| Task description |
In the entries below, find the line with "Ancien Testament Histoires pour les petits" and the line with "Статуя Брюса Ли на Аллее Звезд". Repeat exactly everything between them, those two lines included, but not the pictures.

| Data listing |
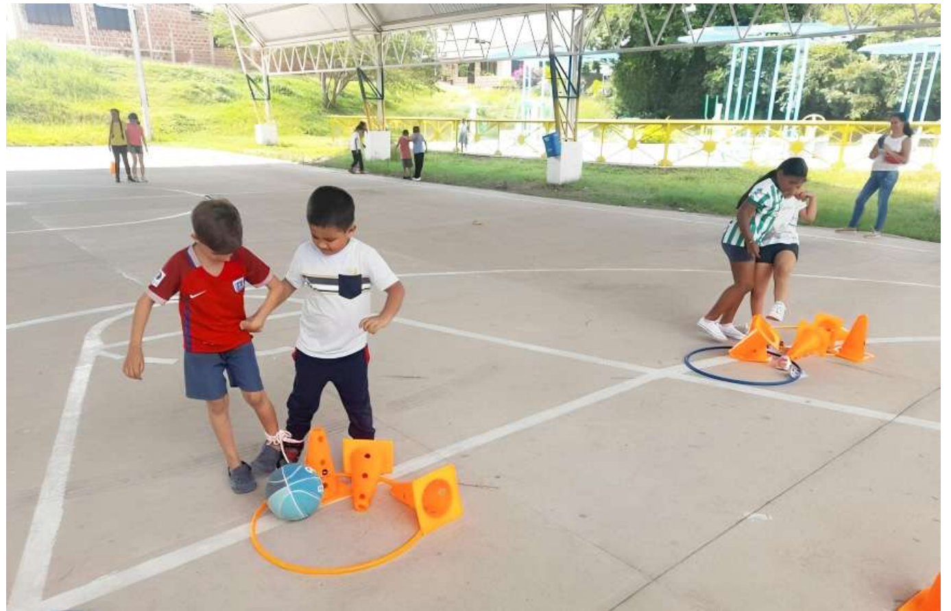
Padres de familia a apoyar a sus hijos en las escuelas de formación deportiva.

“En las visitas que adelantamos, encontramos muchos almuerzos que no estaban siendo consu-
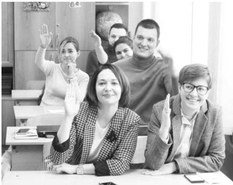
Педагоги превратились в примерных учеников

Коллекция золота скифов, палеонтологический музей, памятники военному-инженерному искусству, история Азова не оставили равнодушными участников зимней школы. Экспонаты завораживали, притягива-
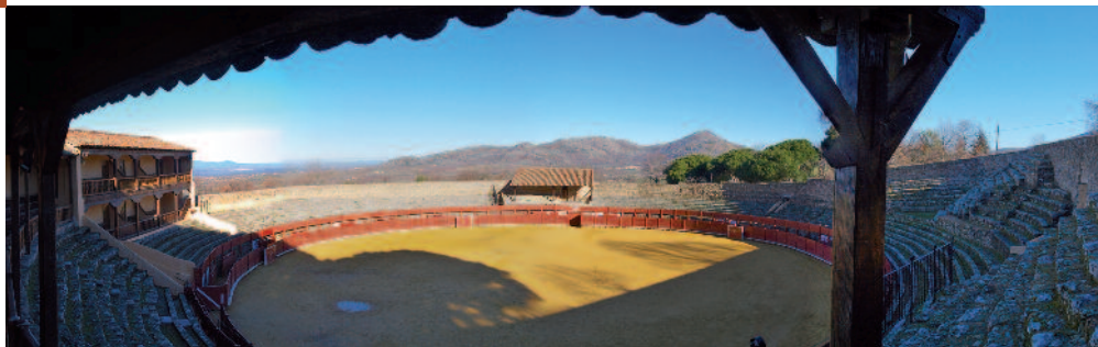
Plaza de toros de Béjar, "La ancianita".
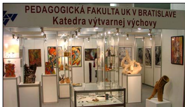
Kolekcia vystavených diel siahala od výtvarného umenia, cez úžitkovú keramiky i šperky

Oveľa širšiu pôsobnosť i dosah však mala reprezentatívna výstava, výber z diel študentov i absolventov katedry (zastúpené boli aj diplomové práce), ktorá sa uskutočnila v bratislavskej Inchebe v rámci 6. Medzinárodnej výstavy výtvarného umenia ART 2007 a veľtrhu MODDOM. Táto výstava trvala síce krátko (17. – 22. októbra 2007), ale navštívili ju záujemcovia z celého Slovenska.
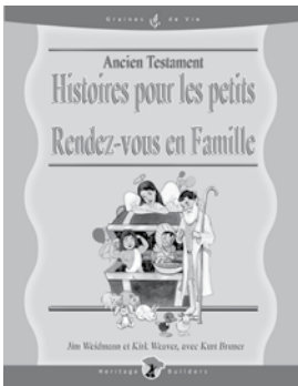
Ancien Testament Histoires pour les petits
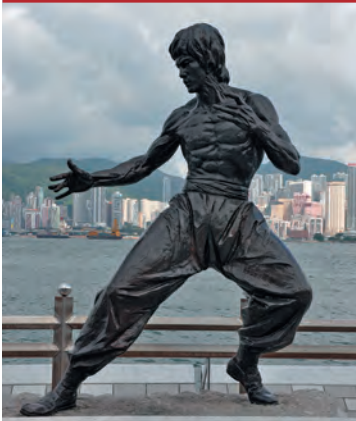
Статуя Брюса Ли на Аллее Звезд

надлежит обращать к равнине или к водной поверхности. Это легко объясняется: идеи фэн-шуй пришли из Северного Китая, где веют ледяные ветры и песчаные бури из монгольских пустынь устремляются на север. В таком случае гора за спиной является надежным защитником. С южной стороны, напротив, она закрывает солнце, дающее жизнь так же, как и вода.
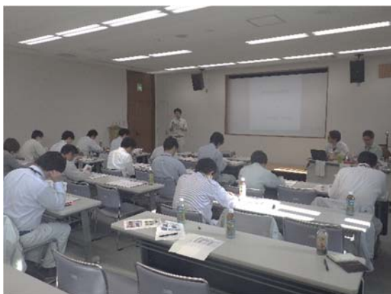
橋の劣化・損傷のメカニズムに関する講習
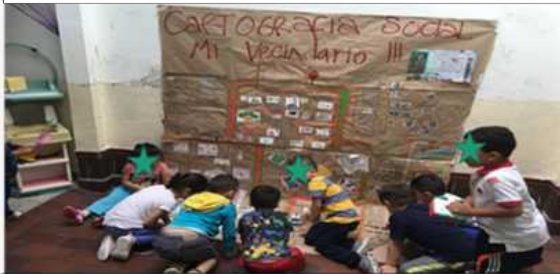
Ilustración 8: Cartografía del territorio

| Output for this task |
Ancien Testament Histoires pour les petits
Статуя Брюса Ли на Аллее Звезд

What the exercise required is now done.